**YOUR ASSIGNMENT:** Word for word, restate the lines of the data below between those holding "Il disegno rappresenta" and "城利水電公司滎經(jīng)", inclusive; pictures do not belong in the copy.

**RECORDED INFORMATION:**

*** Begin section ***

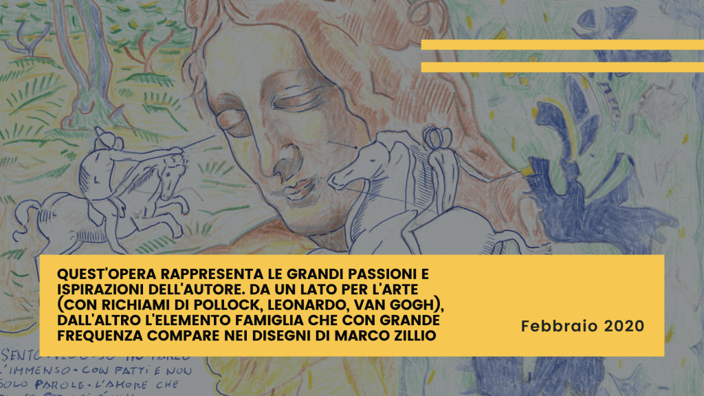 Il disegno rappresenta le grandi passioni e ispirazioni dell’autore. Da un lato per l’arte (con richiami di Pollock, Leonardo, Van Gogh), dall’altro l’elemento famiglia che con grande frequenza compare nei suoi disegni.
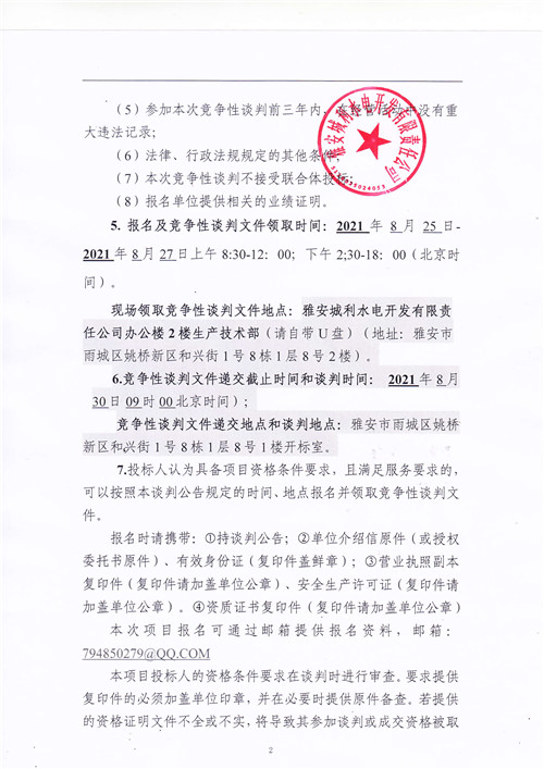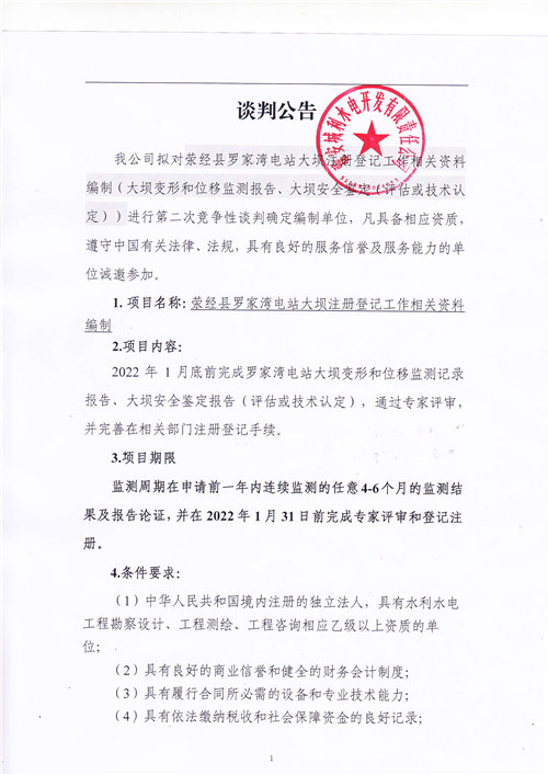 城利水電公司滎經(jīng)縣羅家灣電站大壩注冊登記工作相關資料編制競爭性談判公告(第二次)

*** End section ***
*** Begin section ***

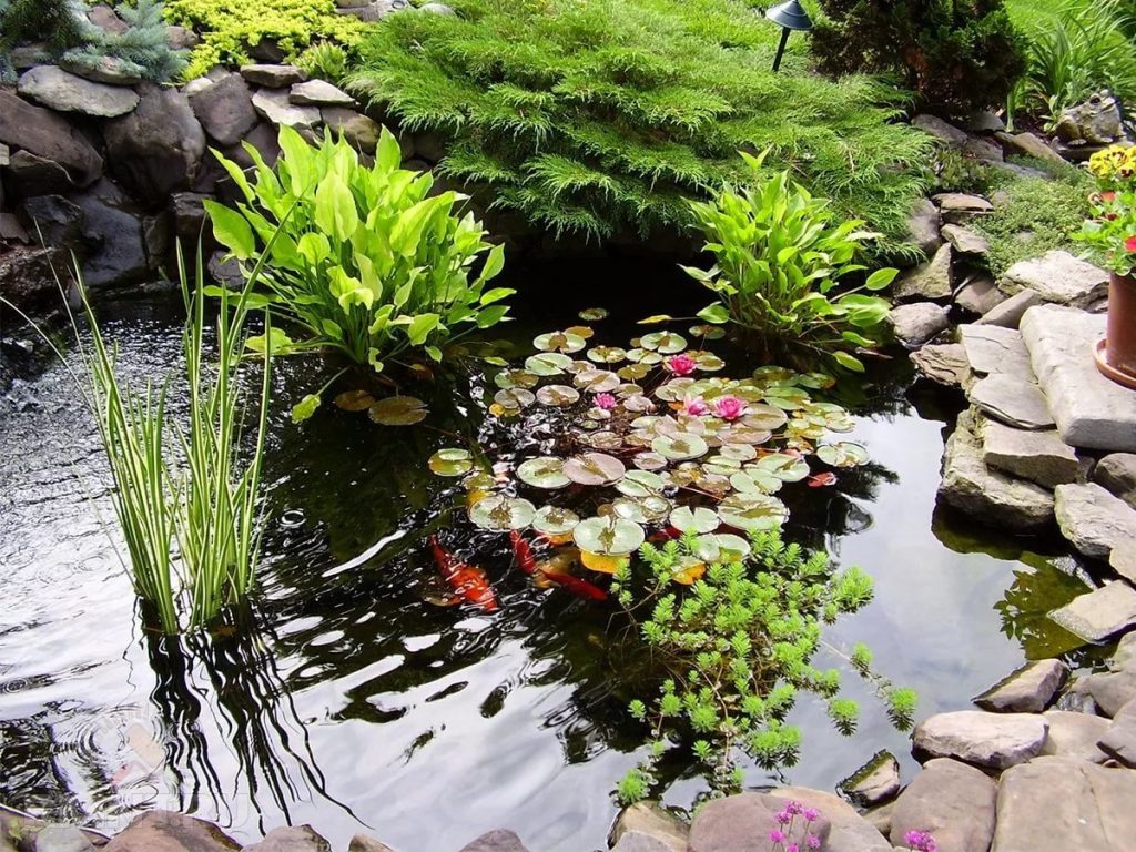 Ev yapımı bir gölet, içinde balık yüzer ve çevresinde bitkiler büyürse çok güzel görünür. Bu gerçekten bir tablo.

*** End section ***

**COMPLETED EXERCISE:**
 Il disegno rappresenta le grandi passioni e ispirazioni dell’autore. Da un lato per l’arte (con richiami di Pollock, Leonardo, Van Gogh), dall’altro l’elemento famiglia che con grande frequenza compare nei suoi disegni.
 城利水電公司滎經(jīng)縣羅家灣電站大壩注冊登記工作相關資料編制競爭性談判公告(第二次)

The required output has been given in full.